I really need to dig into the more recent advances in knowledge graphs + LLMs. I...

I really need to dig into the more recent advances in knowledge graphs + LLMs. I've been out of the game for ~10 months now, and am just starting to dig back into things and get my training pipeline working (darn bitrot...)

I had previously trained a llama2 13b model (https://huggingface.co/Tostino/Inkbot-13B-8k-0.2) on a whole bunch of knowledge graph tasks (in addition to a number of other tasks).

Here is an example of the training data for training it how to use knowledge graphs:

easy - https://gist.github.com/Tostino/76c55bdeb1f099fb2bfab00ce144...

medium - https://gist.github.com/Tostino/0460c18024697efc2ac34fe86ecd...

I also trained it on generating KGs from conversations, or articles you have provided. So from the LLM side, it's way more knowledgeable about the connections in the graph than GPT4 is by default.

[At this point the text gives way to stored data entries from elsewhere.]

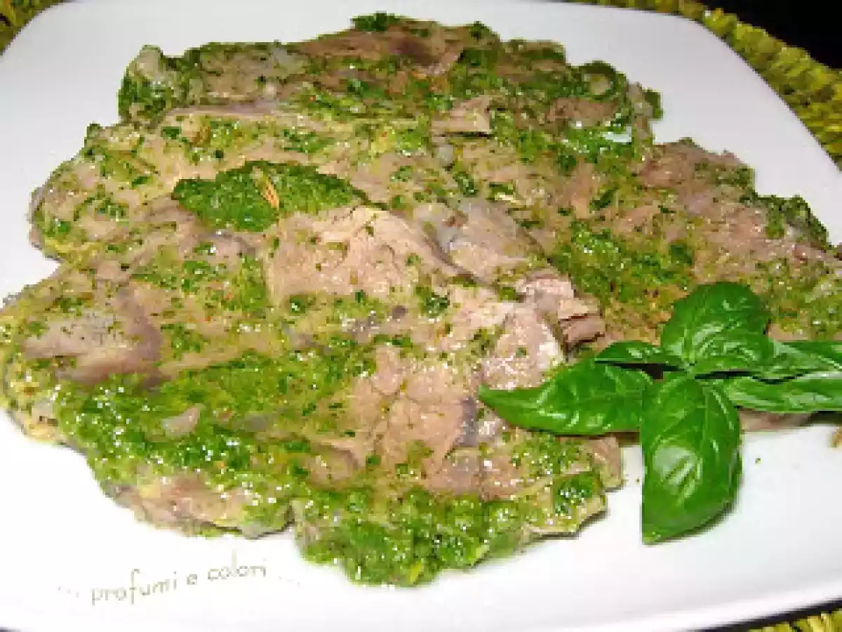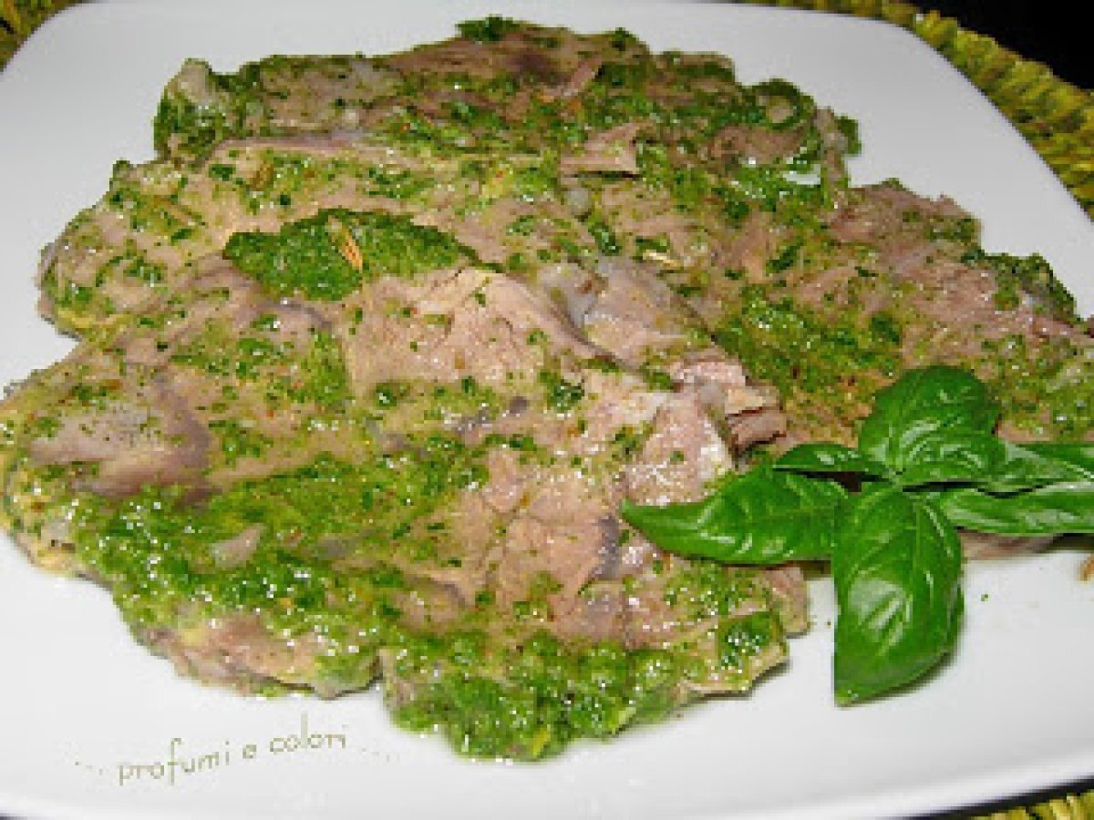 - Emulsionare l'aceto con la senape, poi aggiungere i capperi e gli aromi tritati e mescolare, regolare con sale e pepe, aggiungere poi l'olio ed eventualmente un cucchiaio di brodo.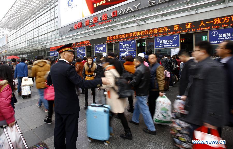 A staff member directs passengers to enter the Shanghai Railway Station in Shanghai, east China, Feb. 16, 2015. A travel rush came to its peak as passengers were hurry for home reunion during the Spring Festival or Chinese Lunar New Year, which falls on Feb. 19 this year. (Xinhua/Fang Zhe) |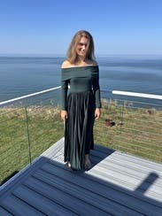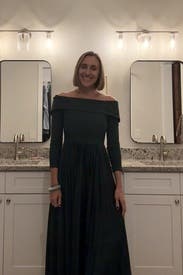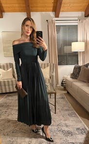 The dress exceeded my expectations for a last minute Christmas party. The skirt was surprisingly unwrinkled coming out of the bag, the color is a deep evergreen/emerald, and was the perfect length with low or high heels. I opted for kitten heels for comfort. While fitted by design, the bodice wasn’t too tight in the Size 4. The arms were snug but served to hold the off-shoulder neckline well. Would absolutely rent this again!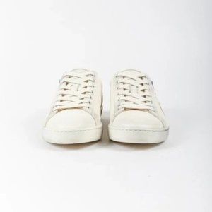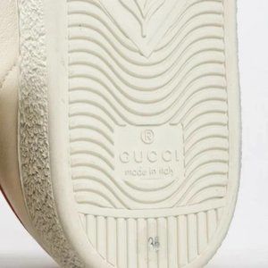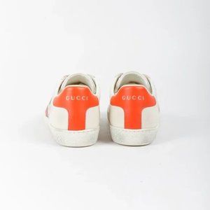 A fun pair of ivory Ace sneakers from Gucci in collaboration with Disney’s Mickey Mouse, featuring a round toe, flat rubber soles, lace fastenings, white leather lining and insoles, and orange leather trimmings on the heel that flaunt the Gucci name.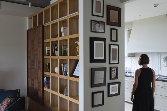 Небольшая квартира расположена в историческом особняке в тихом московском центре. Раньше на ее месте находилась четырехкомнатная коммунальная квартира. Перед архитекторами была поставлена задача создать уютное жилье для женщины, увлеченной искусством. Следовало сохранить дух быта старомосковской интеллигенции и разместить большую коллекцию живописи, графики, антиквариата и книг, включающую более полусотни картин и театральных эскизов.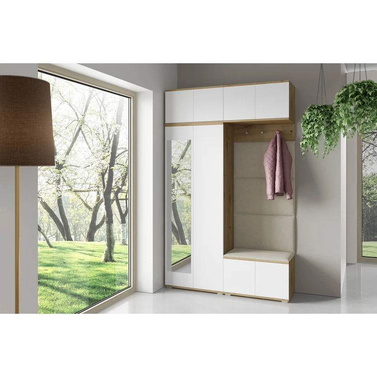 Je to praktický prvok do vstupných priestorov vášho domu. Predsieňová stena obsahuje čalúnené panely, ktoré sa montujú priamo na stenu za pomoci lepidla. Poťah panelov je tkanina Trinity. Predsieňová stena sa skladá z niekoľkých častí. Táto sada obsahuje: 1x šatníková skriňa, 1x nadstavba, 1x závesná skrinka, 1x botník, vešiak, 4 panely.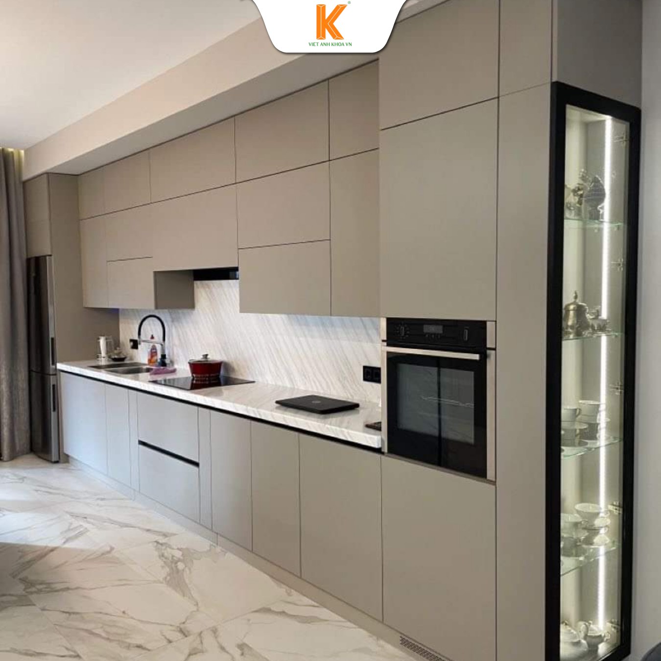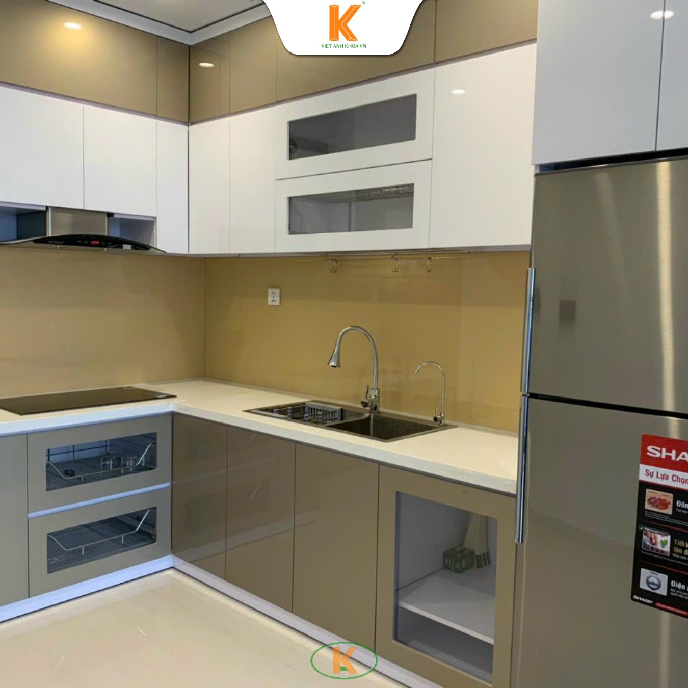 Ngoài phần tủ chính, quá trình thi công còn bao gồm lắp đặt các phụ kiện nhà bếp như bản lề giảm chấn, ray trượt, kệ đựng chén bát, kệ gia vị, thùng gạo hoặc giá xoay góc tủ. Những phụ kiện này giúp việc nấu nướng trở nên thuận tiện và giúp không gian bếp luôn gọn gàng.
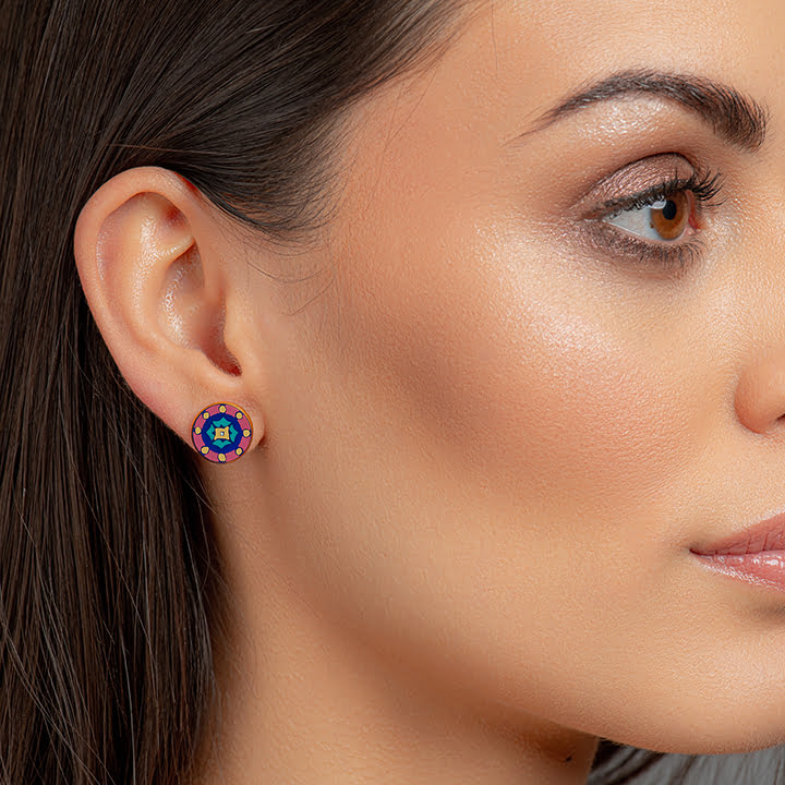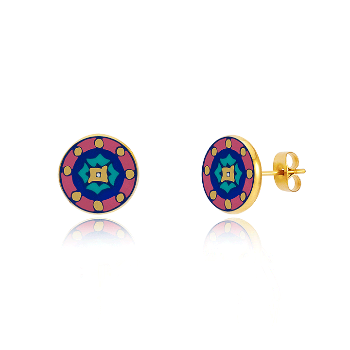 Púštne zlaté jemné porcelánové ružovo-modré náušnice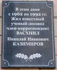 В Петрозаводске на доме по ул. Куйбышева, в котором жил Н. И. Казимиров, установлена памятная доска.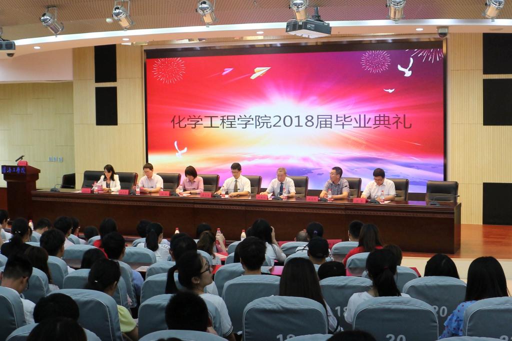6月22日下午4时,化学工程学院于会议中心黄海厅举行2018届毕业典礼暨学士学位授予仪式。化学工程学院经理童志伟、党委书记刘新河、副经理徐国想、刘霖、张东恩出席了毕业典礼,各系正副主任、辅导员、毕业班班主任、毕业班全体员工参加。海洋资源与环境公司党委书记陈丽作为特邀嘉宾出席,毕业典礼由公司党委副书记王改红主持。
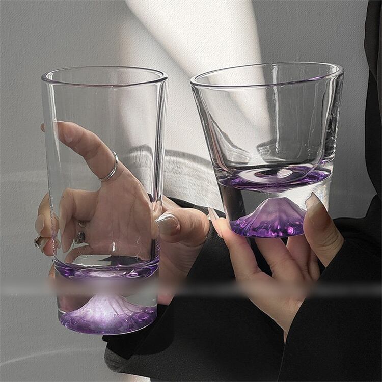 紫富士山ウイスキーグラス 雪山スタイル 毎日の水飲みやパーティー用に役立つ 250ml/350mlサイズ選択可
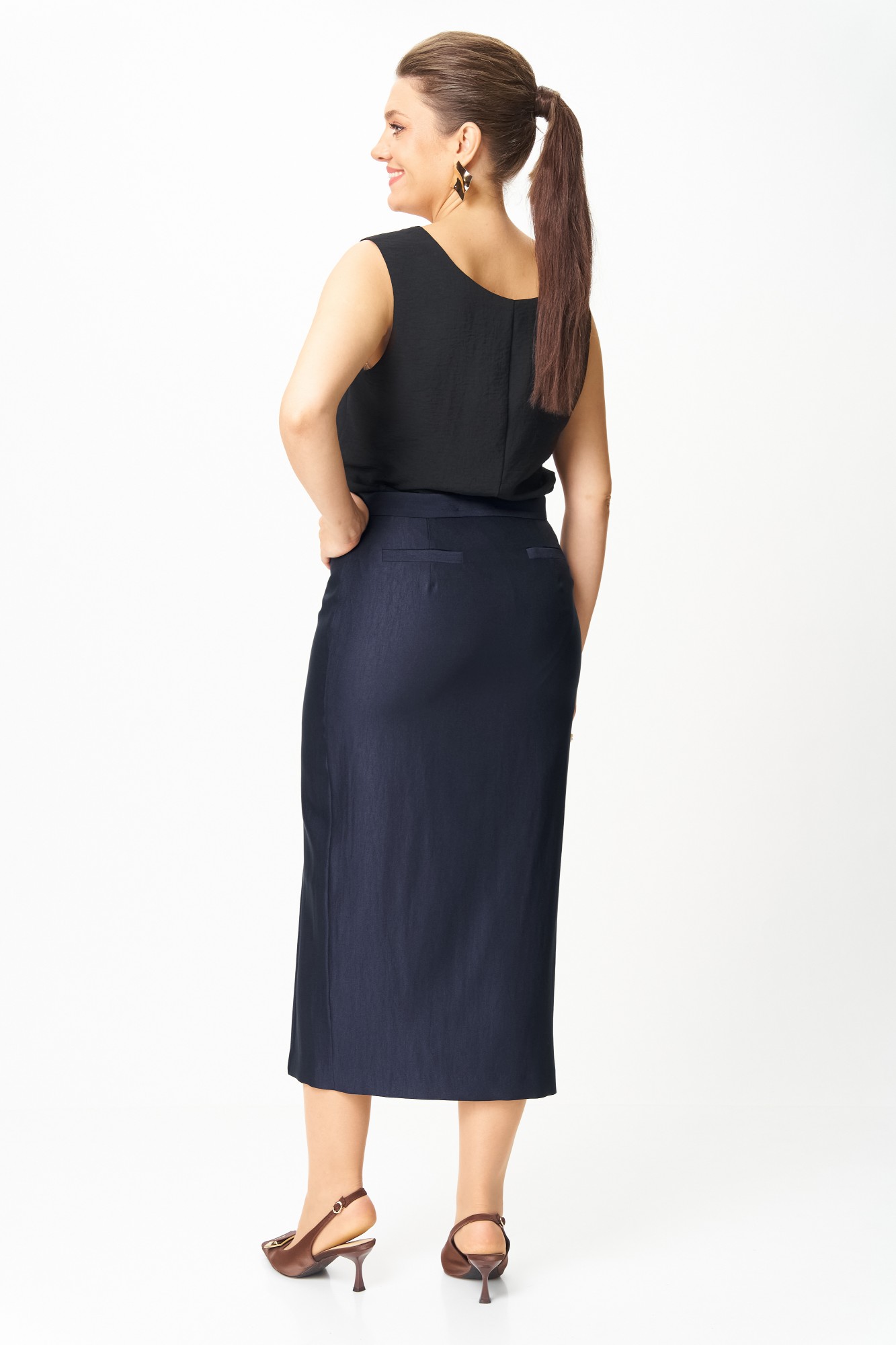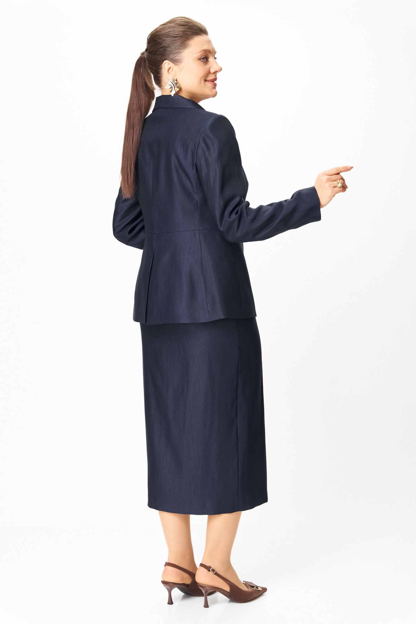 Стильный женский костюм, выполнен в классическом стиле из костюмной ткани с блеском, состоит из жакета и юбки. Жакет полуприлегающего силуэта, отрезной по линии талии, горловина оформлена воротником пиджачного типа с отложными лацканами, застежка по линии талии на кнопки, по краю борта пришита декоративная пуговица. В центральном шве спинки шлица. Рукава втачные. Жакет на подкладке. Юбка прилегающего силуэта, заужена к низу, по переде застрочены рельефные швы, застежка на декоративную молнию по центру переда. Верх юбки на притачной поясе. Юбка на подкладке.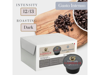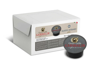 В коробке 100 капсул, предназначенных для капсульных кофемашин Lavazza Blue® для заваривания 100 чашек кофе GARIBALDI Gusto Top.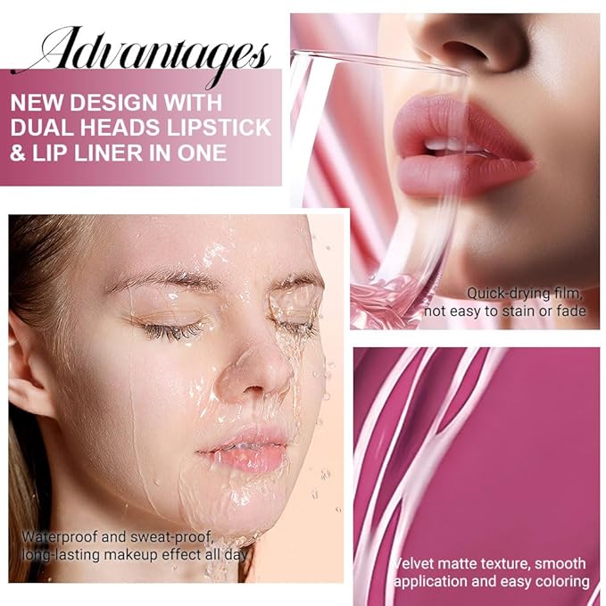- 【2 IN 1 Lip Liner & Liquid Lipstick】The double ended design made you can use lipstick and lip liner on both ends. New design with dual heads lipstick & lip liner in one, for draw delicate lip line before applying lipstick. It combines lip line and liquid lipstick and makes double-end lipstick more perfect,meets the need of all occasions.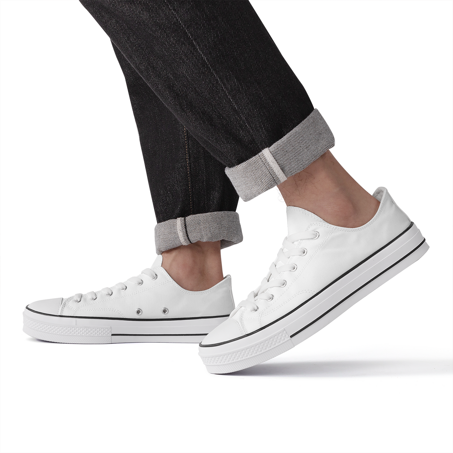 * Wear-resistant rubber soles for black & white low top canvas shoes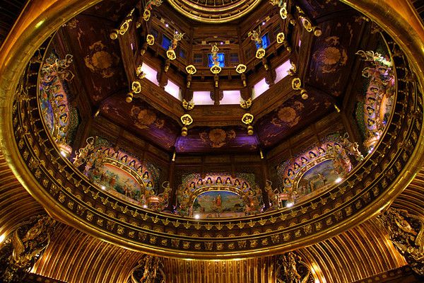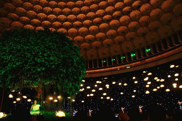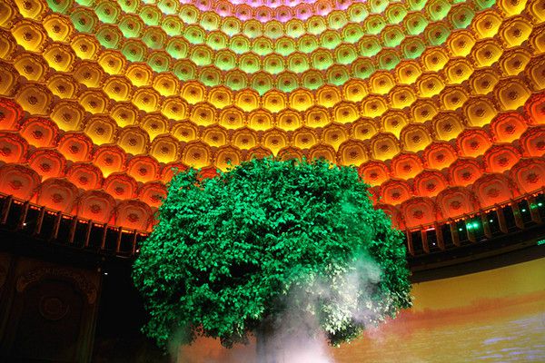 这是梵宫华美壮丽的顶棚。在这里抬头仰望,仿佛能看到头顶的星空。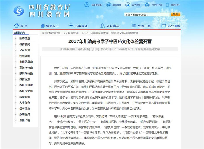 近日,beat365平台唯一官网2017年“川渝高考学子中医药文化体验营”开营仪式在温江校区举行,来自四川省、重庆市29所中学的40名同学和校长面对面交谈,开始了他们的中医药文化奇妙之旅。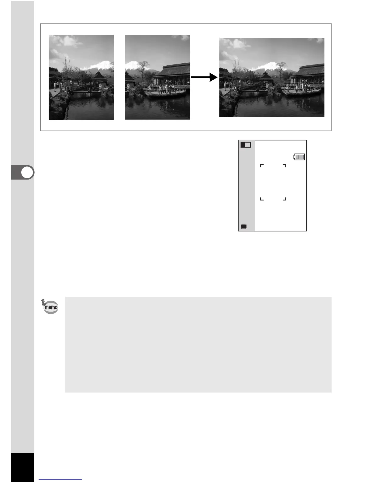 • For less distortion when taking the second picture, turn the camera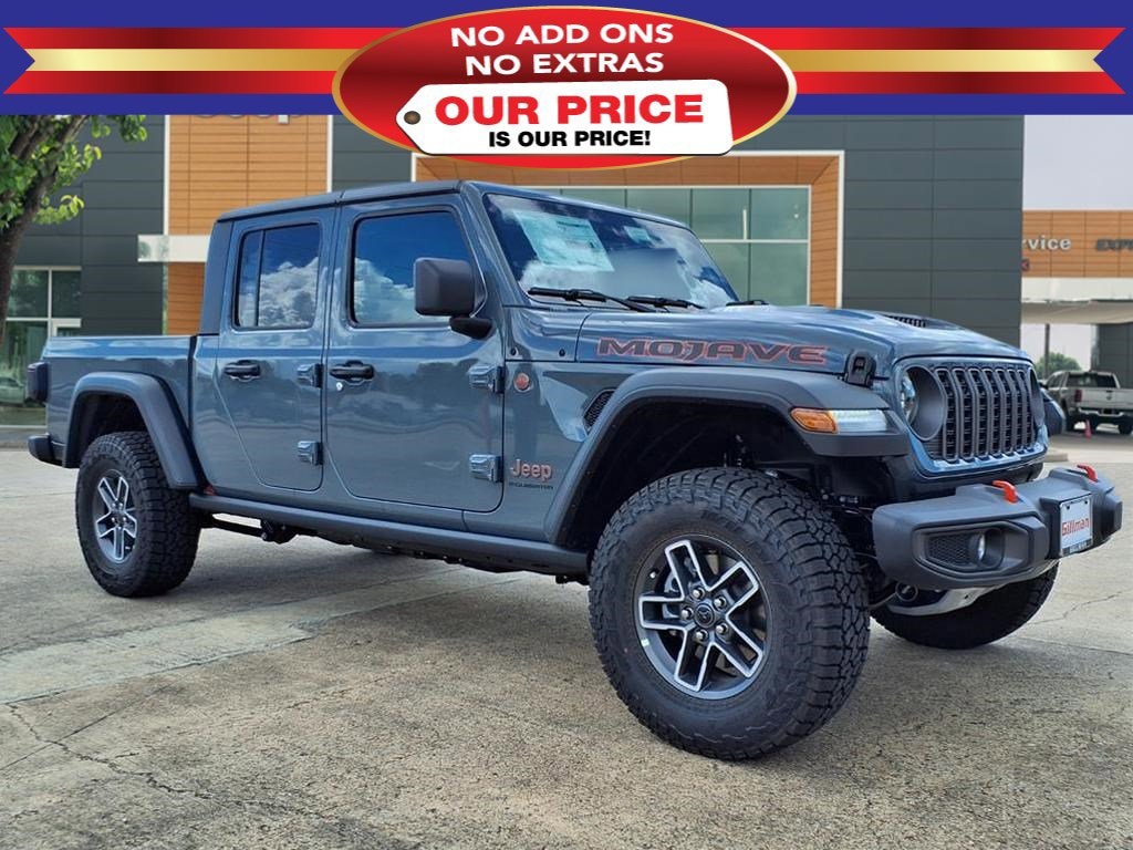 Gillman Chrysler Jeep Dodge Ram is very proud to offer this good-looking 2025 Jeep Gladiator Mojave in Anvil Clearcoat with Black interior. Well equipped with Convenience Group (Heated Front Seats, Heated Steering Wheel, Remote Start System, SiriusXM Radio Service, SiriusXM w/360L, and Universal Garage Door Opener), Quick Order Package 24D Mojave, 12.3" Touchscreen Display, 4-Wheel Disc Brakes, 4.10 Rear Axle Ratio, 4G LTE Wi-Fi Hot Spot, 8 Speakers, 97 MPH Vehicle Max Speed Calibration, ABS brakes, Air Conditioning, Alexa Built-In, Alloy wheels, AM/FM radio: SiriusXM, Apple CarPlay, Apple CarPlay/Android Auto, Automatic temperature control, Black 3-Piece Hard Top, Brake assist, Compass, Connectivity - US/Canada, Delay-off headlights, Driver door bin, Driver vanity mirror, Dual front impact airbags, Dual front side impact airbags, Electronic Stability Control, Emergency communication system: Jeep Connect, Freedom Panel Storage Bag, Front anti-roll bar, Front Bucket Seats, Front Center Armrest w/Storage, Front dual zone A/C, Front fog lights, Front License Plate Bracket, Front reading lights, Fully automatic headlights, Google Android Auto, Heated door mirrors, Heavy Duty Suspension w/Gas Shocks, Illuminated entry, Integrated roll-over protection, Low tire pressure warning, MOPAR All-Weather Slush Mats, MOPAR Spray In Bedliner, Occupant sensing airbag, Outside temperature display, Overhead airbag, Panic alarm, Passenger door bin, Passenger vanity mirror, Power door mirrors, Power steering, Power windows, Premium Cloth Seats w/Sport Bolsters, Radio data system, Radio: Uconnect 5 w/12.3" Display, Rear anti-roll bar, Rear reading lights, Rear Sliding Window, Rear Window Defroster, Remote keyless entry, Security system, Speed control, Split folding rear seat, Steering wheel mounted audio controls, Tachometer, Telescoping steering wheel, Tilt steering wheel, Traction control, Trip computer, USB Host Flip, Variably intermittent wipers, Voltmeter, and Wheels: 17" x 7.5" Dark Gray Painted.

Here are a couple examples of the trained model actually generating a knowledge graph:

1. https://gist.github.com/Tostino/c3541f3a01d420e771f66c62014e...

2. https://gist.github.com/Tostino/44bbc6a6321df5df23ba5b400a01...

I haven't done any work on integrating those into larger structures, combining the graphs generated from different documents, or using a graph database to augment my use case...all things I am eager to try out, and I am glad there is a bunch more to read on the topic available now.

Anyways, near term plans are to train a llama3 8b, and likely a phi-3 13b version of Inkbot on an improved version of my dataset. Glad to see others as excited as was on this topic!